Give the listing again character for character, but drop the images.

Excerpted records ::
--- START ---

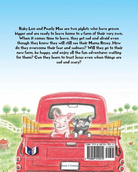 Ruby Loo and Pearly Mae are two piglets who have grown bigger and are ready to leave home to a farm of their very own. When it comes time to leave, they get sad and afraid even though they know they will still see their Mama Rosey. How do they overcome their fear and sadness? Will they go to their new farm, be happy, and enjoy all the fun adventures waiting for them? Can they learn to trust Jesus even when things are sad and scary?
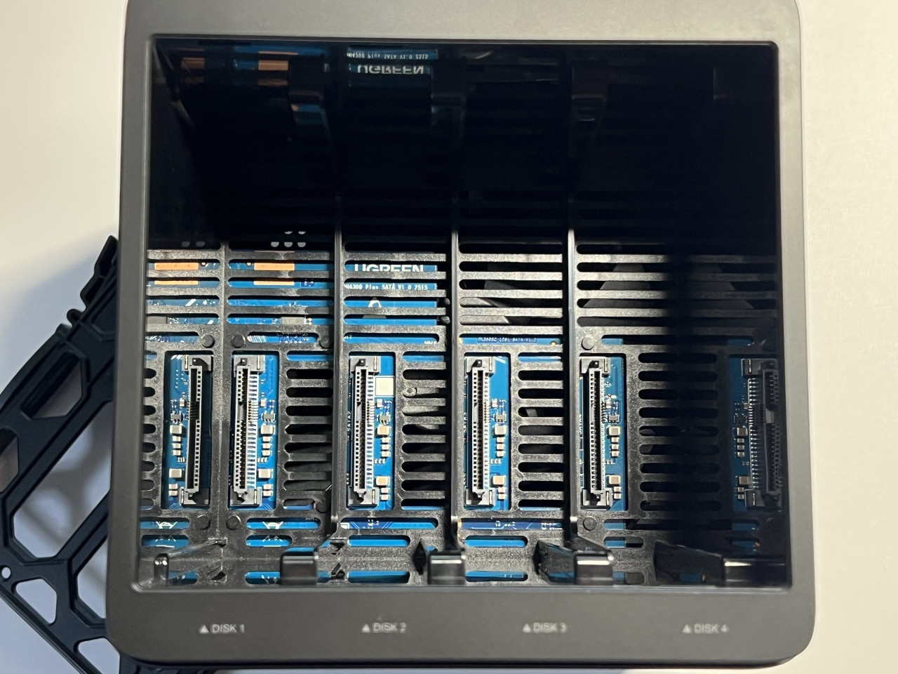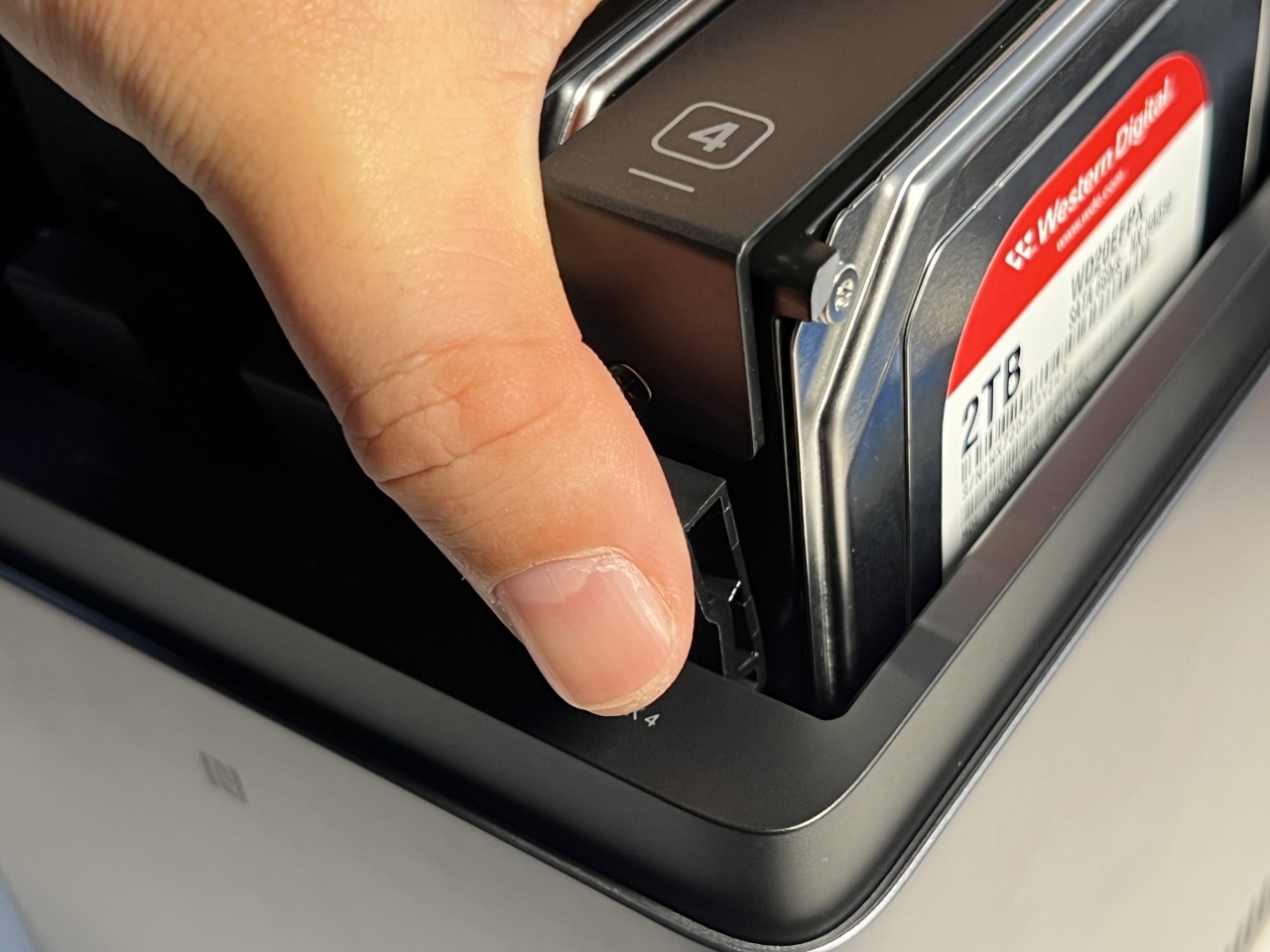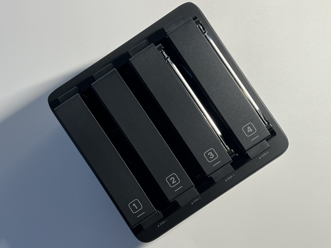 整个NAS有四个盘位,支持2.5寸固态和3.5寸机械,最大可拓展120TB(注意要买垂直盘,不能买叠瓦盘)。
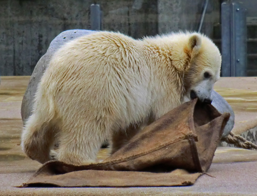 Am Samstag Morgen gefiel ANORI das kleine Säckchen so gut, dass das Eisbärmädchen das Säckchen von der kleinen Mutter-Kind-Anlage zur großen Freianlage trug und dort ausgiebig zum Spielen nutzte.
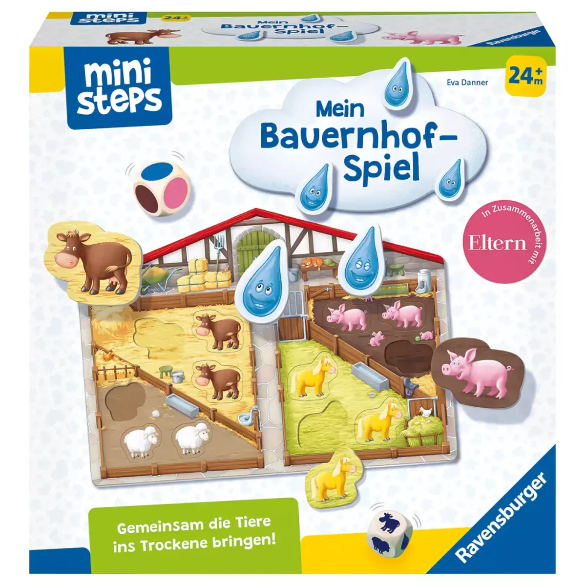 Ein Wolkenbruch naht! Also nichts wie los: Alle Spieler versuchen zusammen, die Tiere in den sicheren Stall zu bringen, bevor die Regenwolke voller Tropfen ist. Dieses spannende gemeinsame Spielziel lässt die Kinder Momente intensiven Wir-Gefühls erleben und fördert gleichzeitig das erste Regelverständnis, die Feinmotorik, die Sprachentwicklung sowie die Unterscheidung von Farben und Formen. Es ist ab einem Alter von ca. 24 Monaten geeignet.
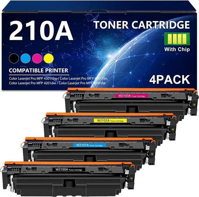 • What's in the box: 4-Pack of 210A high yield toner cartridges with new chips

--- END ---

Answer to the exercise ::
 Ruby Loo and Pearly Mae are two piglets who have grown bigger and are ready to leave home to a farm of their very own. When it comes time to leave, they get sad and afraid even though they know they will still see their Mama Rosey. How do they overcome their fear and sadness? Will they go to their new farm, be happy, and enjoy all the fun adventures waiting for them? Can they learn to trust Jesus even when things are sad and scary?
 整个NAS有四个盘位,支持2.5寸固态和3.5寸机械,最大可拓展120TB(注意要买垂直盘,不能买叠瓦盘)。
 Am Samstag Morgen gefiel ANORI das kleine Säckchen so gut, dass das Eisbärmädchen das Säckchen von der kleinen Mutter-Kind-Anlage zur großen Freianlage trug und dort ausgiebig zum Spielen nutzte.
 Ein Wolkenbruch naht! Also nichts wie los: Alle Spieler versuchen zusammen, die Tiere in den sicheren Stall zu bringen, bevor die Regenwolke voller Tropfen ist. Dieses spannende gemeinsame Spielziel lässt die Kinder Momente intensiven Wir-Gefühls erleben und fördert gleichzeitig das erste Regelverständnis, die Feinmotorik, die Sprachentwicklung sowie die Unterscheidung von Farben und Formen. Es ist ab einem Alter von ca. 24 Monaten geeignet.
 • What's in the box: 4-Pack of 210A high yield toner cartridges with new chips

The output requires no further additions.